Not only do current views of beauty vary. As is also true with art, attitudes evolve over time. Murray Gell-Mann’s own specialty, quantum chromodynamics, presents an excellent case in point.

Gell-Mann’s conjecture about the strong nuclear force was based on a brilliant insight about how the many particles that were constantly being discovered in the 1960s could be organized into sensible patterns that would explain their abundance and types. He hypothesized the existence of more basic elementary particles known as quarks, which he suggested carry a new type of charge. The strong nuclear force would then influence any object that carried the conjectured charge, and cause quarks to bind together to form neutral objects—much as the electric force binds electrons with charged nuclei to form neutral atoms. If true, all the particles being discovered could be interpreted as bound states of these quarks—aggregate objects that have no net charge.

Gell-Mann realized that if there were three different types of quarks, each of which carried a distinct color charge, many such combinations of neutral bound states would form. And these many combinations could (and did) correspond to the plethora of particles that were being found. Gell-Mann thereby had found a beautiful explanation for what seemed like an inexplicable mess of particles.

However, when Murray—as well as the physicist (and later neurobiologist) George Zweig—first proposed this idea, people didn’t even believe it was a proper scientific theory.

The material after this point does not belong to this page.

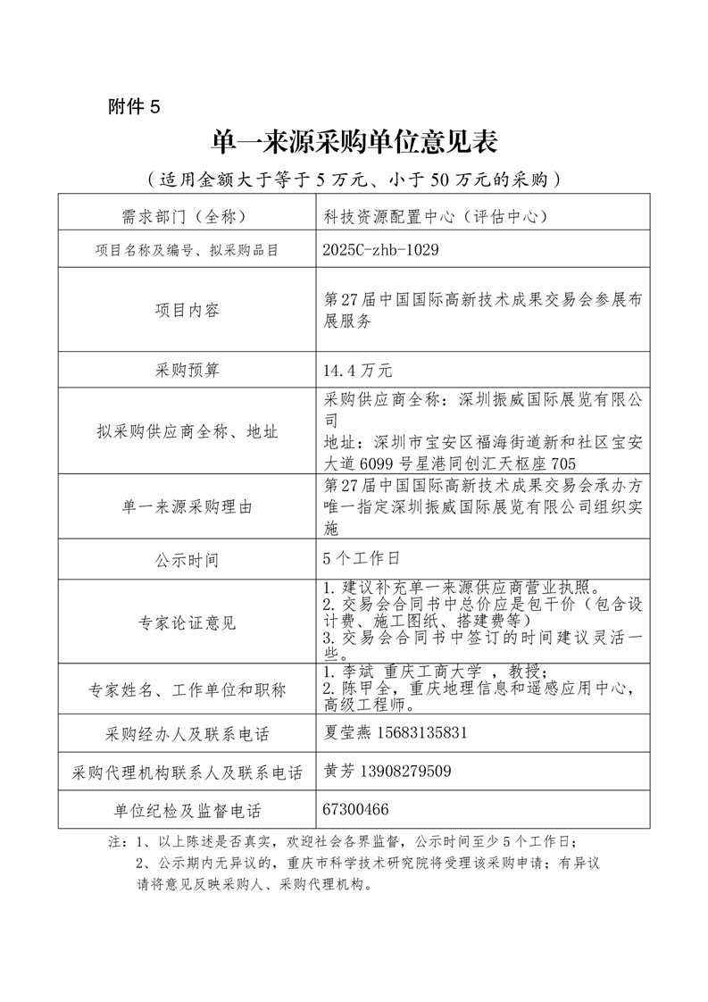 单一来源采购单位意见表

The reason is somewhat technical but interesting. Particle physics calculations rely on particles not interacting when they are far apart, so that we can compute the finite effects of the interactions that occur when they are close together. With this assumption, any interaction can be entirely captured by the local forces that apply when the interacting particles are in close proximity.

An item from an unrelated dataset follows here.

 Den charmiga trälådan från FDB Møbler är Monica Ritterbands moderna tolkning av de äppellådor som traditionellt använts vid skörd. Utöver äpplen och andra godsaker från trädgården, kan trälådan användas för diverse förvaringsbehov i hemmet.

The force that Gell-Mann had conjectured, on the other hand, was stronger when particles were farther apart. That meant that quarks would always interact, even when very distant. According to the then-reigning criteria, Gell-Mann’s guess didn’t even correspond to a true theory that could be used for reliable calculations. Because quarks always interact, even their so-called
asymptotic states
—the states involving quarks that are far away from everything else—are very complicated. In an apparent concession to ugliness, the asymptotic states they postulated weren’t the simple particles you’d like to see in a calculable theory.